Eu Vi O Diabo (2010)
Kim Soo-hyeon é um policial que tem a esposa assassinada brutalmente por um psicopata, Kyung-chul - vivido pelo brilhante ator de Oldboy, Choi Min-sik. Desde então, Kim cria uma obsessão por vingança e encontra o assassino, o nocauteando e instalando um chip localizador em seu corpo. Começa um intenso jogo de gato e rato, com Kyung-chul sendo constantemente perseguido e torturado pelo policial em todo lugar que ele vai. Mas Kyung entra no jogo e revida, provando que subestimá-lo foi um grande erro.
(ALERTA SPOILERS)
A afirmação dita por Kyung-chul vale para o próprio Jee-Wook: não o subestime. A trama aparenta seguir em uma narrativa "convencional" de vingança e perseguição policial, mas ao passo que o filme se desenvolve, vai ganhando volume e densidade, e elevando a outro patamar os questionamentos morais dos personagens. Até que ponto a vingança não corrompe um indivíduo? Citando Nietzsche, o quanto podemos contemplar o abismo sem que ele nos contemple de volta? Me remeteu muito à Trilogia da Vingança do Park Chan-wook. Na verdade, Eu Vi O Diabo poderia muito bem ser um quarto capítulo não oficial do projeto de Park, dadas as semelhanças temáticas e a presença de Choi Min-sik. Pude perceber também influências de Se7en e Ichi The Killer, e me remeteu também ao posterior A Casa Que Jack Construiu, do Lars Von Trier.
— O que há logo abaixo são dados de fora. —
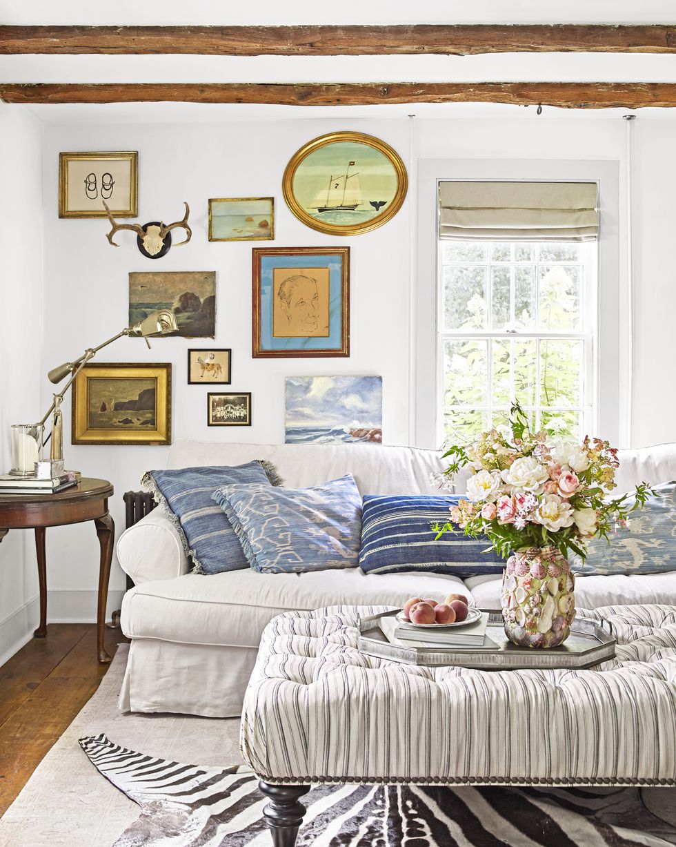 This is modern farmhouse’s older sister, a more classic country style that’s been around for one hundred years, country farmhouse really dives back to it’s more traditional, casual roots. Here the lines are less clean, the metals less black, and the rooms more colorful that modern farmhouse designs. You’ll see more traditional furniture pieces, curved legs, a tapered lampshade. These spaces tend to be contain more furniture and accessories and look over-filled in the coziest ways. You will not find industrial accents in a classic country home. Gallery walls, slip covers, classic patterns, and stone accents reign supreme in this style. Rustic furniture pieces or beams are a must.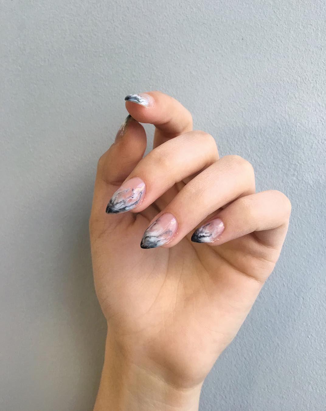 Обратите внимание на интересную вариацию французского маникюра с помощью мраморного эффекта. Мраморный маникюр в серой гамме очень сдержан и элегантен. Отличная идея повседневного маникюра!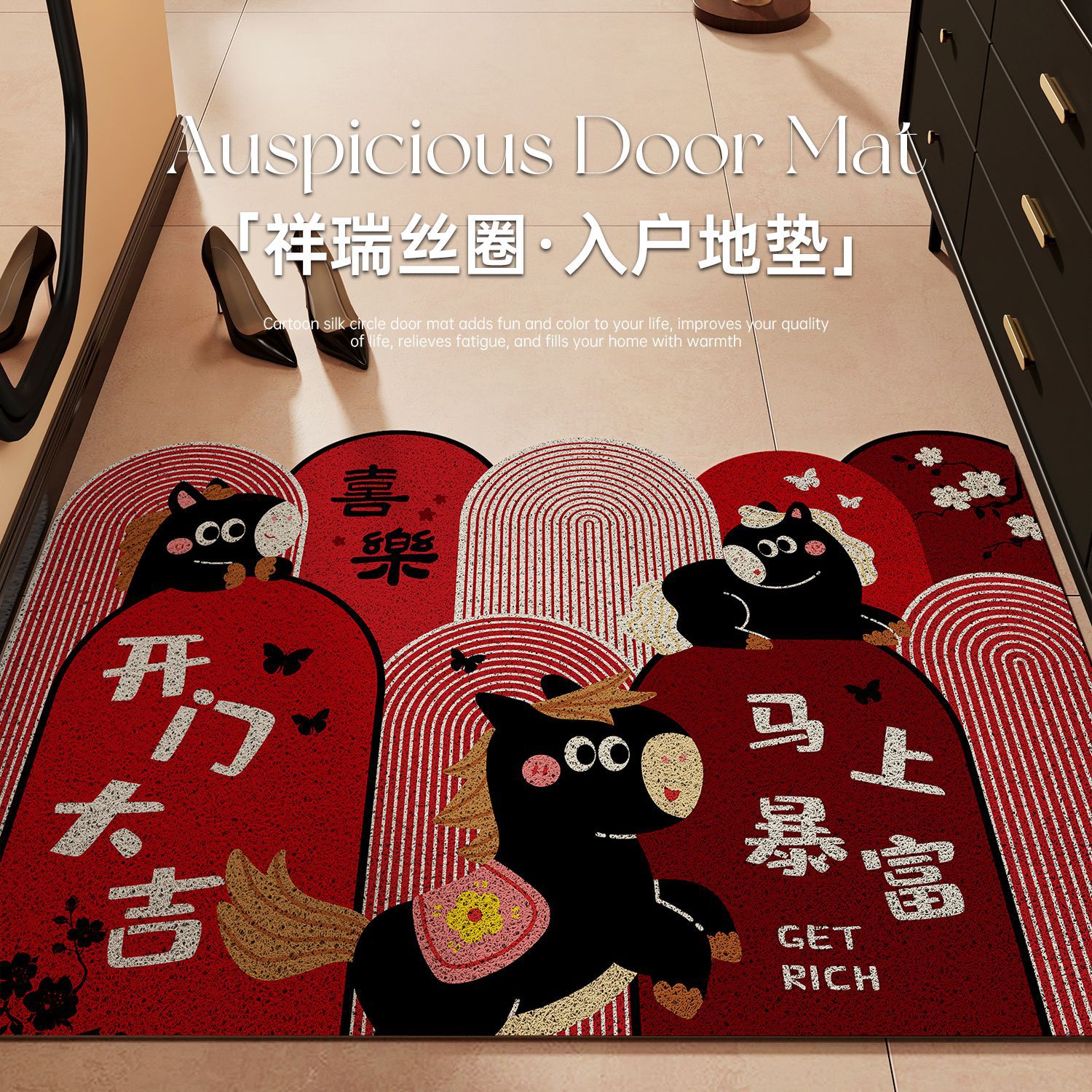 马年入户门地垫家用耐磨可裁剪丝圈脚垫子玄关除尘蹭土地垫防滑垫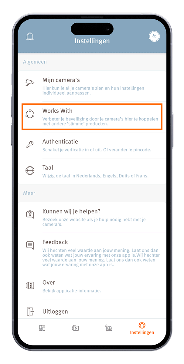 - Log in in de Beveiligingscamera App en ga naar ‘Instellingen’

É um filme cuja direção e roteiro são impecáveis, mas que encontra seu ponto forte na atuação de Choi, que mais uma vez se mostra um dos melhores atores da sua geração. Adoro o trabalho dele em Oldboy, e aqui ele entrega uma atuação assustadora de um psicopata. Kyung-chul é um retrato dos mais monstruosos de serial killers que já vi no cinema. Lee Byung-hun também merece destaque. Seu trabalho como Kim Soo-hyeon é espetacular. É um personagem reservado que carrega uma imensa dor e raiva interna, que acaba contida, e Lee transmite perfeitamente isso através dos gestos, olhar e tom de voz. A cena final, em que desaba após finalmente se vingar, é impressionante.
Momentos angustiantes dignos de um filme de Takashi Miike. (Crédito: Divulgação - Peppermint & Company)
A longa duração funciona, apesar de que em alguns momentos Jee-Wook se estenda demais. O ritmo geral, no entanto, é dinâmico, e consegue prender o espectador através de sua tensão crescente. A violência é outro elemento importante para o storytelling; acho que em nenhum momento se torna algo gratuito. O diretor parece ter domínio pleno de até onde pretende ir em cada cena. São situações violentas e perturbadoras, mas em pouquíssimos momentos vemos a ação em si acontecendo. Há uma preferência ao não-dito, a qual é reforçada na montagem: os momentos crus sempre são induzidos pelos cortes, sons ou são interrompidos por outro personagem ou situação. É notável particularmente quando Kim está prestes a fazer algo que vá tirar a vida de alguém e congela, com medo de cruzar seus princípios morais em prol da sua vingança - o que acaba fazendo nos minutos finais, quando os atos violentos, maiores ou menores, são mostrados em tela.
A trilha sonora não tem muito destaque, mas nos momentos que tem ajuda a construir a atmosfera sombria e reflexiva da narrativa. Não é, entretanto, uma trilha que funcione como produto isolado, tais quais as de Betty Blue, Cinema Paradiso e do próprio Oldboy.
Oh Dae-su está de volta, e não está para brincadeira. (Crédito: Divulgação - Peppermint & Company)
Eu Vi O Diabo é uma produção densa, impactante e reflexiva. Novamente, mais uma indicação para estômagos fortes, e um prato cheio para adoradores de cinema extremo de qualidade.